Because in the original code, after 64 halvings, the network started again with 50 coins. It was fixed by BIP-42, and I wonder, how your network will behave after 64th halving, and even if it can reach it without halting.
BIP-42 always makes me laugh every time I read it  Cheesy
But yeah it won't restart or overflow or do anything funky like that, the code for halvings is pretty simple:

Code:
let halvings = Math.floor(tip.height / chain_params.halving_interval);
return Math.floor(chain_params.subsidy_base / Math.pow(2,  halvings));
Javascript handles this nicely and block rewards will stay at zero after the last halving. You can verify for yourself by trying it in a JS console:

Code:
let halvings = Math.floor(100000000000000000000000000000000000 / 500);
console.log(Math.floor(5000000000 / Math.pow(2,  halvings)));


Also, I think some kind of "save" button will be needed, sooner or later, because then, it would be easier to restore the state of the network. Another feature I think about is "pruning". Because currently, everything lives in a memory. And if I could save some blocks on disk, and detach it from RAM, then it could be possible to test thousands of blocks, without killing my browser. Or even: pruning alone, without saving things, is also an option, to test some edge cases, like "no new nodes can join, because nobody has the full history anymore, and everyone switched to pruning".

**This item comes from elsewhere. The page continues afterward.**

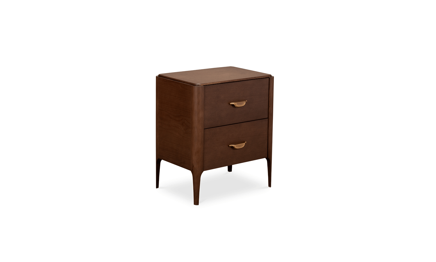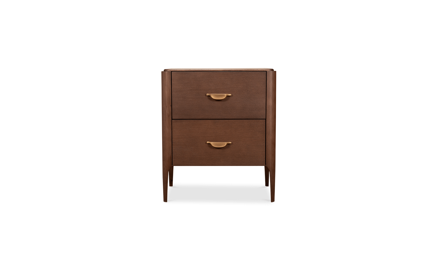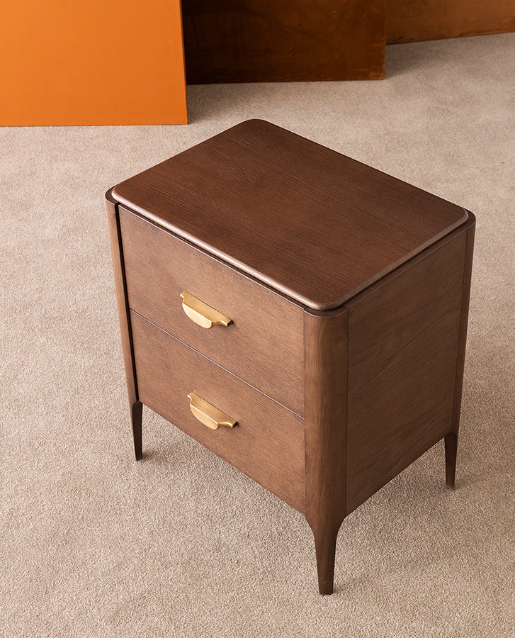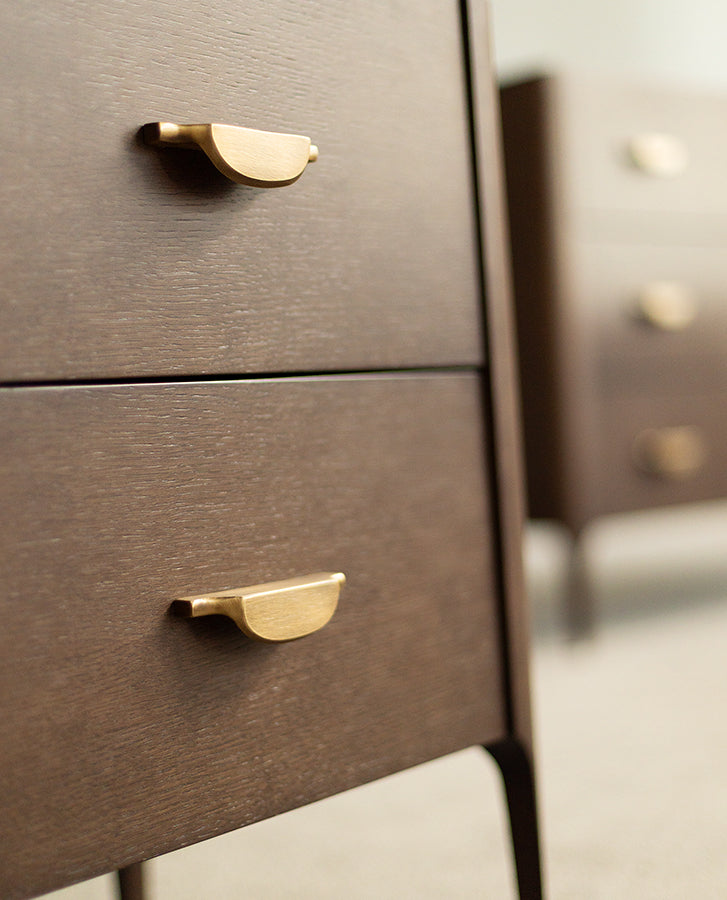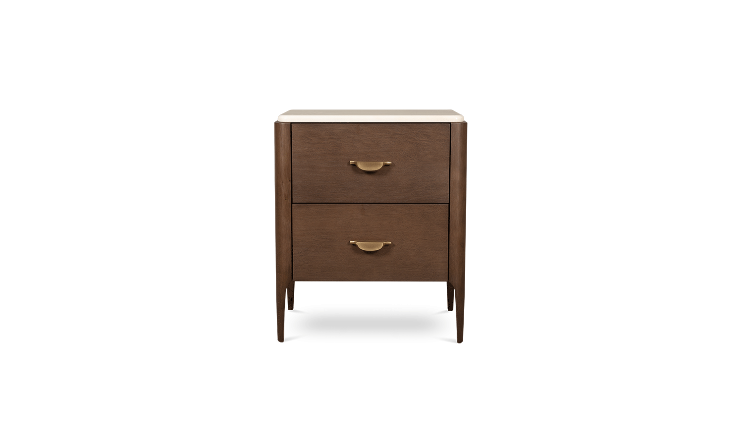 This veneered night table is available in oak with with standard finishes. Its brushed brass base and accents make it even more elegant. Other choices for the surface plate are available such as marble or shagreen. Other finishes and sizes are available on request.

And some minor UI things: when the price per coin is around 2.7 million dollars, it is no longer fully visible in charts. Also, charts seems to be in the future, because I have transactions from Jan 5, while I can see Jan 7 on the exchange.
I'll be releasing a major update sometime soon with more content, alongside that will be saving and other fixes.


​Edit: Custom secrets unlocked:
Code:
await encrypt_aes("<comment>stwenhao: Now I can make my own secrets!</comment>",await sha256('stwenhao'))
Array(75) [ 70, 226, 192, 193, 39, 154, 126, 71, 112, 129, ... ]
SECRETS.push([70,226,192,193,39,154,126,71,112,129,180,132,226,181,21,137,229,145,196,116,207,60,99,201,27,15,156,229,195,221,255,63,152,11,214,145,7,230,61,174,176,26,247,180,212,249,188,143,62,154,81,6,149,67,20,3,206,65,53,12,4,33,55,22,101,172,225,215,174,117,33,23,243,215,97])
And now, I can see this:
Code:
user@st> stwenhao
stwenhao: Now I can make my own secrets!
Which means, that users can also use "encrypt_aes" and "decrypt_aes" for encrypting and decrypting messages. And I guess, as long as everything is single player, you can just use things like that for any kind of encryption, including for example transaction signatures. Also, I guess if you will implement forum and private messages, then such things can be useful, to hide some things from the player, until they will appear in the story.
Nice! Yeah, it could be good for cheat prevention, my only concern really is overcomplicating my codebase and making it too messy for myself with a bunch of AES blobs and hidden keys. I think you're the only person that is exploring the game to this extent anyway  Grin

I'll give it some thought, but it's probably a future problem.